I’ve dabbled in TV and films. I’ve done a couple of films and a handful of TV shows, like soaps. In August, however, I shot my first pilot in NY but it is always a gamble. You don’t know if it’s going to get picked up or not. The experience was incredible. If it does get picked up, it would be life changing because I do have a large recurring role in it. So I have my fingers crossed. It’s called “For Real,” the premise involves a reality star whose show gets cancelled. He’s looking for work and he is thinking he is going to continue to live this celebrity lifestyle but no one wants to hire him. The only offer he gets is to star in a Broadway musical. My character plays an actor who is starring in the musical but they want to replace me with this reality star. So that sort of establishes this of rivalry and conflict between the two of them. But it is more about the ridiculousness of celebrity and pop culture. I had a lot of late nights. We blocked off 43rd Street. We had a lot of outdoor sequences that I was in. I know they have a couple of offers out for it from a couple of networks so I know something is going to come from it. I am also up for another television show that films in the spring which would take me out of the country for 5 months.

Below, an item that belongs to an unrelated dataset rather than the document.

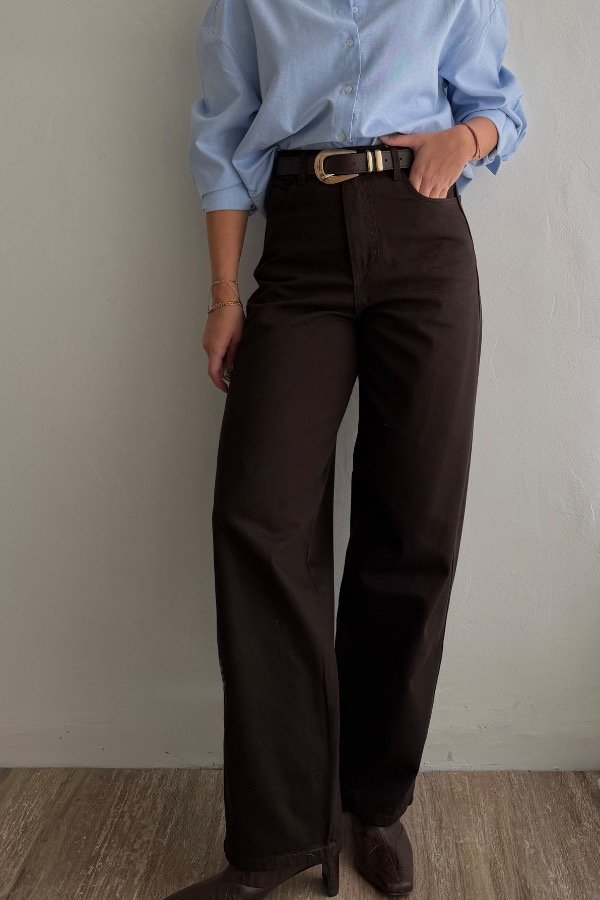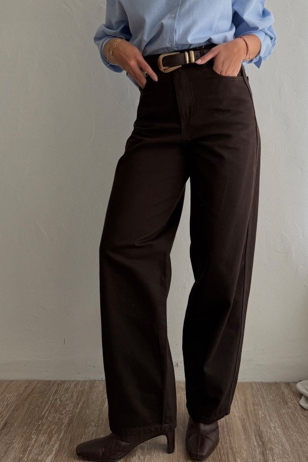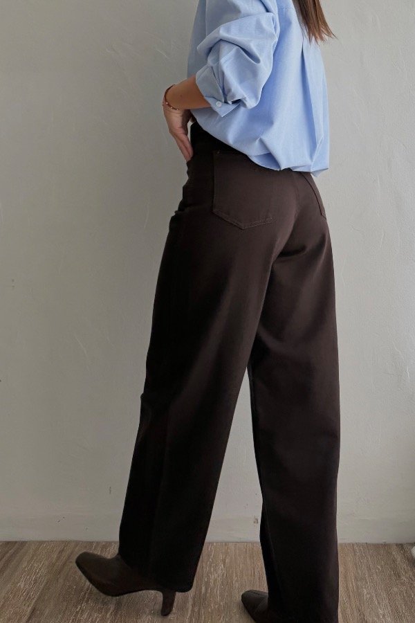 Descripción: pantalon corte baggy, confeccionado en gabardina rigida. DIsponible en color chocolate oscuro y negro. Tiro super alto, con un calce espectacular.

What accounts for your success thus far?
I moved to NY in 2005, hoping I would get one Broadway show. I just wanted to be on Broadway and I thought I could say I set out to do what I wanted to do with my life. So that happened my second week in New York which was so not typical. I still can’t believe it but I was as prepared as I could be and I was in the right situation. You know, the opportunity came and I was ready to take it. Eventually I did six Broadway shows but I finally got to the point when I was doing “La Cage,” when I said, ‘I can’t understudy anymore.’ I loved dancing so much and it was so fulfilling for such a long time but I felt I was utilizing only a fraction of what I had to offer in my skill set. “Priscilla” came when I was ready for that to happen in my life. If I would have started and originated a role right out of college, I don’t think I would have been able to handle the pressure or the magnitude of what that is. There is so much that goes into that. You are responsible for the success of a multi-million dollar production and you feel that. It’s one thing being a replacement but originating something and knowing that all these people are depending on you to make something successful. It’s a lot to deal with so I think it came at the right time for me and so once I did that I got to originate a role and star in a new show and that was the ideal. Each time I did something I said ‘I am going to set my sights on something new.’ TV and film is a little more lucrative, financially, but I just kind of want to explore new genre.
How do you keep yourself grounded?
I have an incredible family who has been supportive of me the entire process of the journey to get here.
Do you have a partner?
I do. His name is Kyle. We met during “Priscilla” so we have been together for 3 years now. He’s on the road with “Wicked.” He’s been away for a year. It’s tough doing long distance but we travel to see each other every 3 to 4 weeks. That’s why I am going to Minneapolis from here to spend a week with him after the show. We moved into a Brownstone in Harlem last August. He did “Chorus Line” at Paper Mill and as soon as I closed he got “Wicked” and left so we only spend a month together so I just said to myself ‘what can I do to keep myself occupied with.’
What can I tell my readers about what they can expect from
"On Broadway with Kander & Ebb?"
I think what they are going to see is the best of what Kander & Ebb have accomplished with some absolutely fabulous talent and they are going to get everything they like ---singing, dancing, emoting and Beth Leavel.